The Way Histories are Written

I try to stay positive on this site (OK...not always successfully, I know), but I do have a legitimate gripe to air: Peter Lev's volume on 1950s is so frustrating. Not for lack of what I'm sure is a ton of work, time, and research. The bar admittedly is raised by the high quality and outright thoroughness of other volumes in the History of American Cinema series. But the value of this series has been that it carries a deep knowledge of industrial history of the period to challenge some of the complacent historiography that film studies still perpetuates.
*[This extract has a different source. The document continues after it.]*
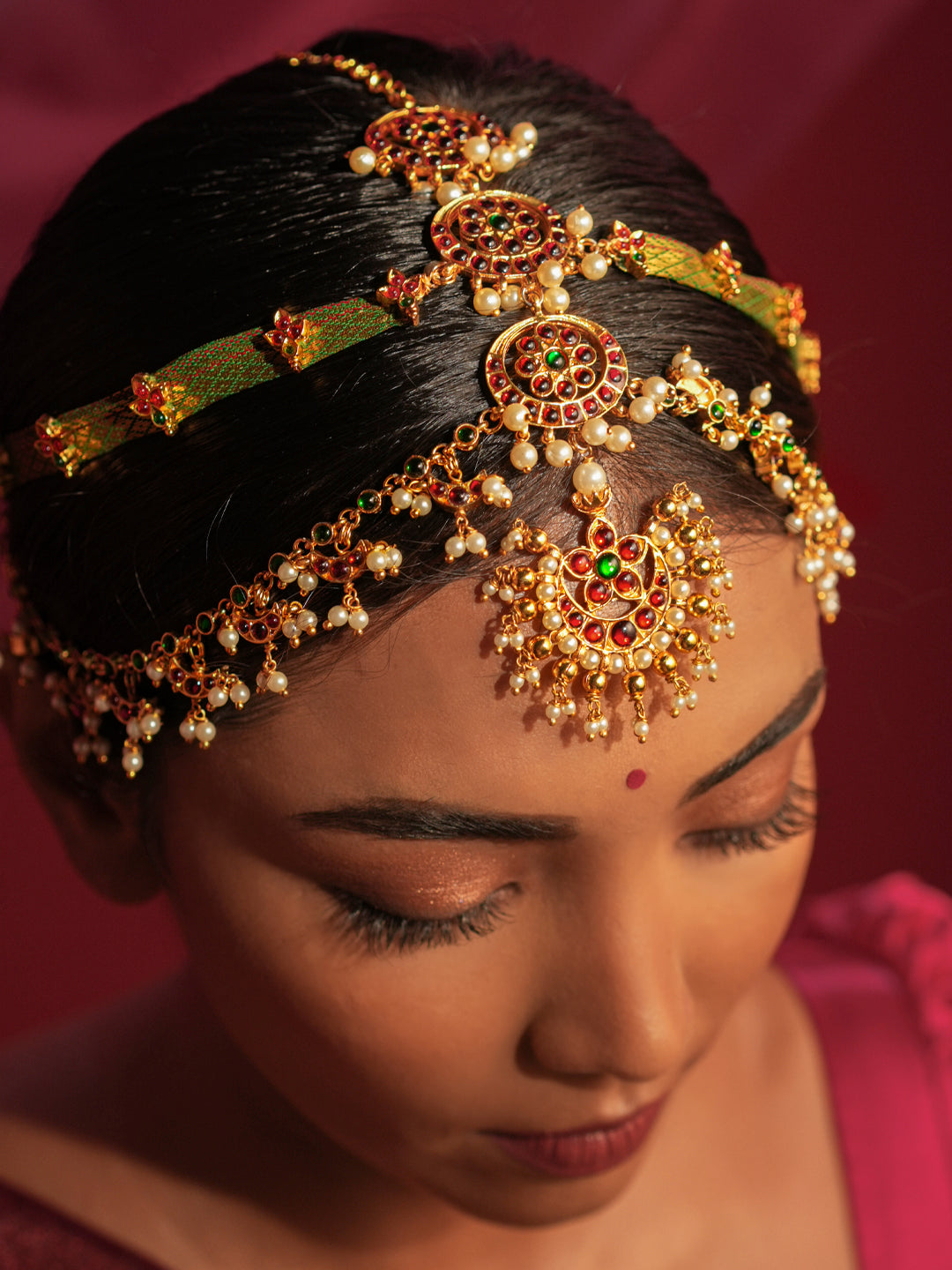 Zarinah — Gold Tone Temple and Zari Mathapatti

Lev's The Fifties, however, minimizes industrial argumentation in order to make the canonical arguments already familiar to the field's conception of the decade. Take the films noirs he discusses: Asphalt Jungle, In a Lonely Place, The Big Heat, Kiss Me Deadly, and Touch of Evil. He mentions a couple others (not many others) in the summary of "genre and production trends" but it's clear these films' inclusion is based simply on their canonization, not their typicality as cycle examples. Moreover, he takes the typical explanations (color kills low-key noir) at face value.

It's frustrating because the 1950s are so ripe for reevaluation, in part because the field has considered them explained for so long (usually a sign that a Kuhnian revolution is imminent) and in part because video and cable re-release of 1950s films poses new questions about the narratives that has previously been told.